Problem to solve: Pictures are to be left out; otherwise, copy exactly the lines from the line containing "3. ahora comenzar" through the end of the data.
[[ Data section open ]]
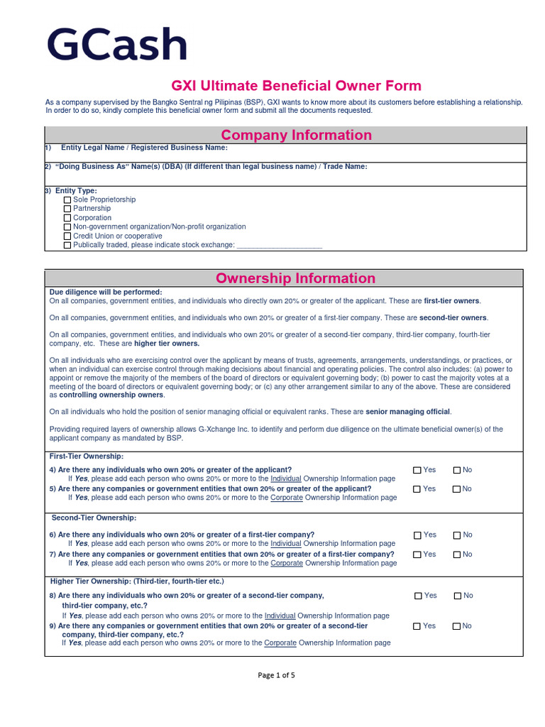 Beneficial Ownership Form Template
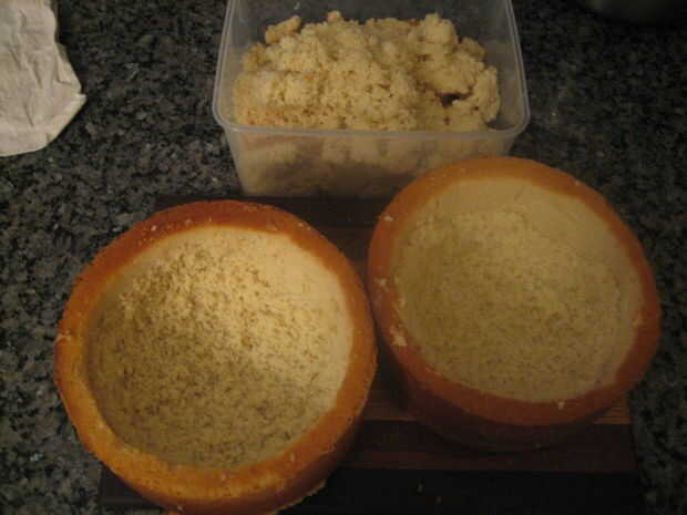 3. ahora comenzar a cavar. He preferido hacer esto con mis manos como pude suave rascar las tripas de la torta hacia fuera sin estropear el pastel entero.
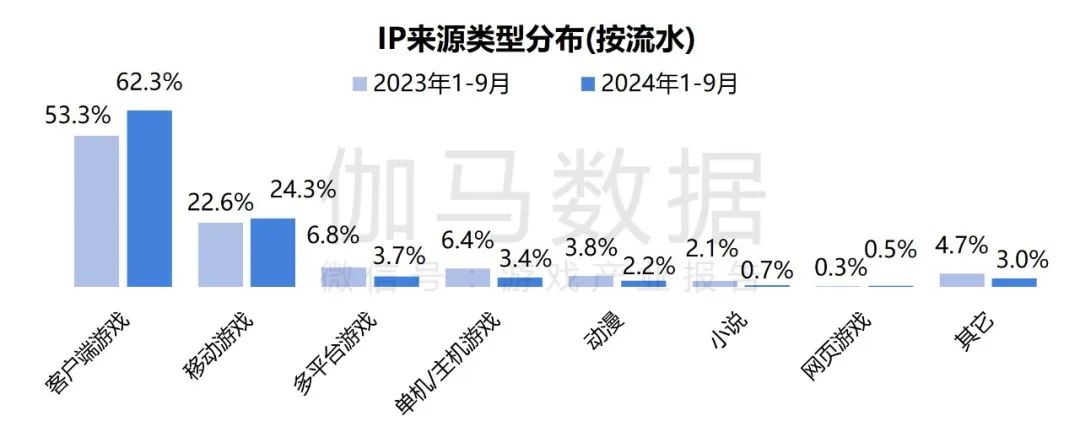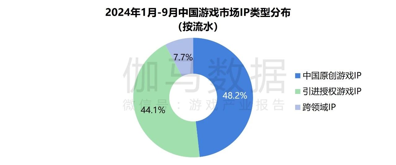 从细分的IP数据来看,2024年前三季度中国原创游戏IP的流水占整体市场规模近5成,在各类IP中占比最高。
[[ Data section closed ]]
Result of the task:
 3. ahora comenzar a cavar. He preferido hacer esto con mis manos como pude suave rascar las tripas de la torta hacia fuera sin estropear el pastel entero.
 从细分的IP数据来看,2024年前三季度中国原创游戏IP的流水占整体市场规模近5成,在各类IP中占比最高。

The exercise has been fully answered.